▶ _LISTED RECORDS_:
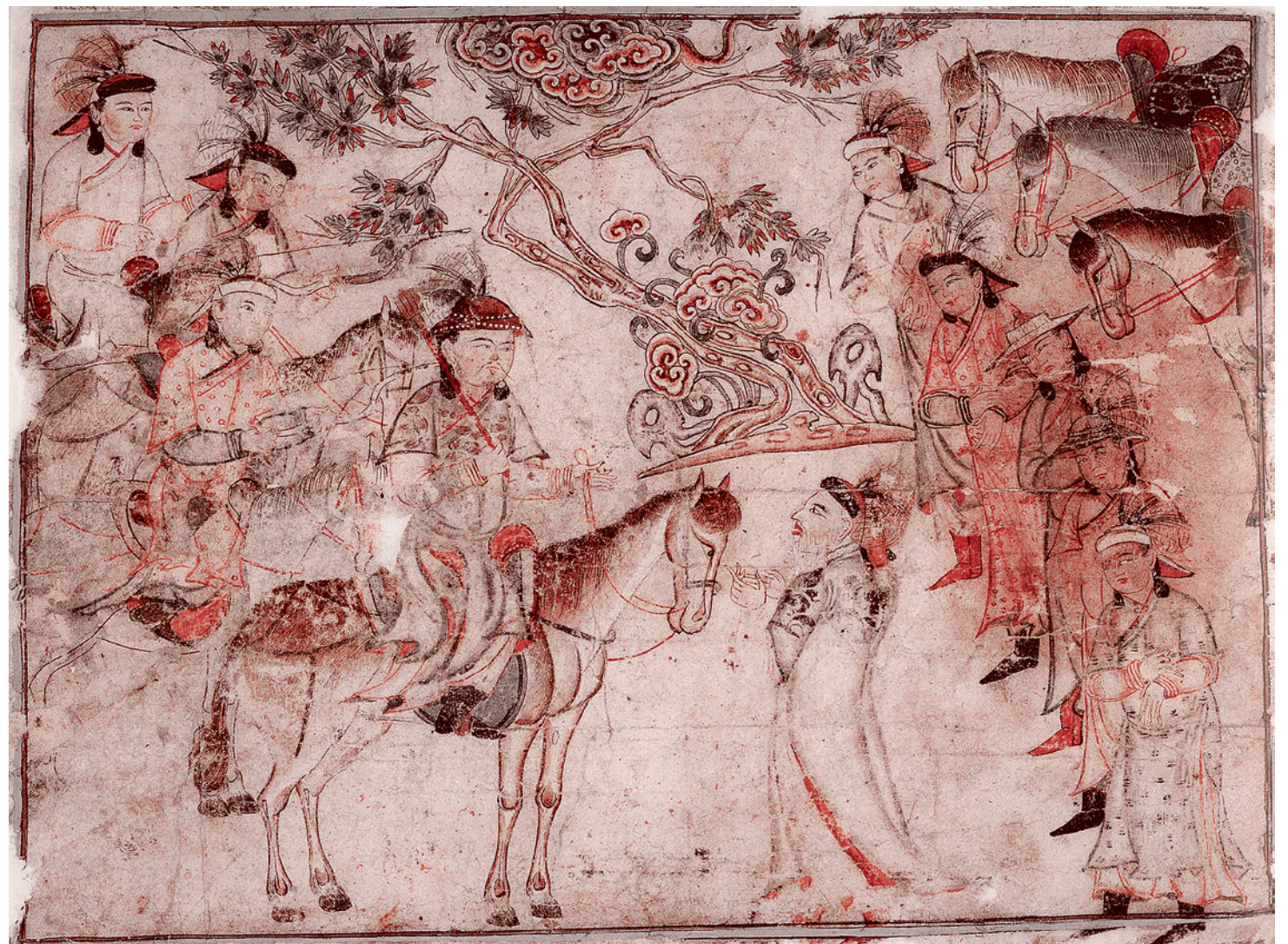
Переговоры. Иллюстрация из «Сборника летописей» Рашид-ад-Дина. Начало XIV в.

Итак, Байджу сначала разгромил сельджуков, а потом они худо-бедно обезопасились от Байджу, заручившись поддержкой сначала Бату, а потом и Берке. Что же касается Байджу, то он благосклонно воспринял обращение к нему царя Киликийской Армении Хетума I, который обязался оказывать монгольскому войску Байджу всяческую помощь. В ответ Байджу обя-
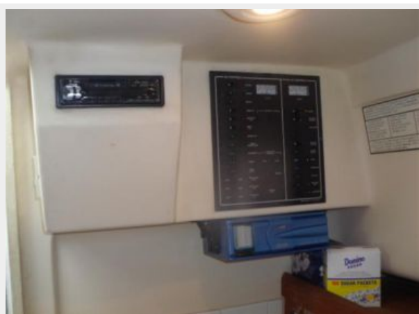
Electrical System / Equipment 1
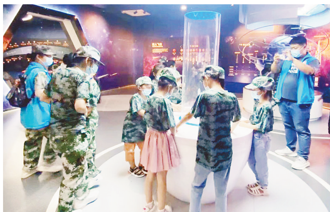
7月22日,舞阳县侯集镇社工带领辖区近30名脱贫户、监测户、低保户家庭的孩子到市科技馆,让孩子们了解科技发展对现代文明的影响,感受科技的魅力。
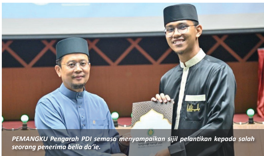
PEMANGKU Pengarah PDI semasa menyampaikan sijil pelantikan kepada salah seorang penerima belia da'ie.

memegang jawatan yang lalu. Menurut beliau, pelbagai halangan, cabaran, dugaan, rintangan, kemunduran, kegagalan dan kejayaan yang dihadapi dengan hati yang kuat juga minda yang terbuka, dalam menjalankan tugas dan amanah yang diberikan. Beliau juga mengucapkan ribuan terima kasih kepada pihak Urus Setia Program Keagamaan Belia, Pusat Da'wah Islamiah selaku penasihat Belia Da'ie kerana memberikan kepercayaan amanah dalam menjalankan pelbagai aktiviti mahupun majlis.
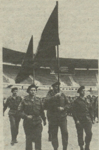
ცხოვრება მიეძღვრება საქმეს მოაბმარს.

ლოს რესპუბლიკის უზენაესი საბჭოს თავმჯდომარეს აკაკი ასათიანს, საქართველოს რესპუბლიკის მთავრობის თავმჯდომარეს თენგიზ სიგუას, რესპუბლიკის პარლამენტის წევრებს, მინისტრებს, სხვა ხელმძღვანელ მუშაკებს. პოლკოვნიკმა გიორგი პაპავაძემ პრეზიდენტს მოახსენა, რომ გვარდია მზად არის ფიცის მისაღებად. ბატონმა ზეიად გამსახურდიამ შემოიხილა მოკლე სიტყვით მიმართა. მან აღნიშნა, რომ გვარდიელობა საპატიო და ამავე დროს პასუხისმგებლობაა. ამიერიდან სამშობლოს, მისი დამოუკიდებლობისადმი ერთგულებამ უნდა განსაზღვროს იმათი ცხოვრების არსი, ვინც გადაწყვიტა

▶ _WHAT IS NEEDED_: Nothing but the lines from the one that contains "Electrical System / Equipment 1" through the last line of the records belongs in the answer, reproduced exactly, with no pictures.

▶ _ANSWER_:
Electrical System / Equipment 1
7月22日,舞阳县侯集镇社工带领辖区近30名脱贫户、监测户、低保户家庭的孩子到市科技馆,让孩子们了解科技发展对现代文明的影响,感受科技的魅力。
PEMANGKU Pengarah PDI semasa menyampaikan sijil pelantikan kepada salah seorang penerima belia da'ie.

memegang jawatan yang lalu. Menurut beliau, pelbagai halangan, cabaran, dugaan, rintangan, kemunduran, kegagalan dan kejayaan yang dihadapi dengan hati yang kuat juga minda yang terbuka, dalam menjalankan tugas dan amanah yang diberikan. Beliau juga mengucapkan ribuan terima kasih kepada pihak Urus Setia Program Keagamaan Belia, Pusat Da'wah Islamiah selaku penasihat Belia Da'ie kerana memberikan kepercayaan amanah dalam menjalankan pelbagai aktiviti mahupun majlis.
ცხოვრება მიეძღვრება საქმეს მოაბმარს.

ლოს რესპუბლიკის უზენაესი საბჭოს თავმჯდომარეს აკაკი ასათიანს, საქართველოს რესპუბლიკის მთავრობის თავმჯდომარეს თენგიზ სიგუას, რესპუბლიკის პარლამენტის წევრებს, მინისტრებს, სხვა ხელმძღვანელ მუშაკებს. პოლკოვნიკმა გიორგი პაპავაძემ პრეზიდენტს მოახსენა, რომ გვარდია მზად არის ფიცის მისაღებად. ბატონმა ზეიად გამსახურდიამ შემოიხილა მოკლე სიტყვით მიმართა. მან აღნიშნა, რომ გვარდიელობა საპატიო და ამავე დროს პასუხისმგებლობაა. ამიერიდან სამშობლოს, მისი დამოუკიდებლობისადმი ერთგულებამ უნდა განსაზღვროს იმათი ცხოვრების არსი, ვინც გადაწყვიტა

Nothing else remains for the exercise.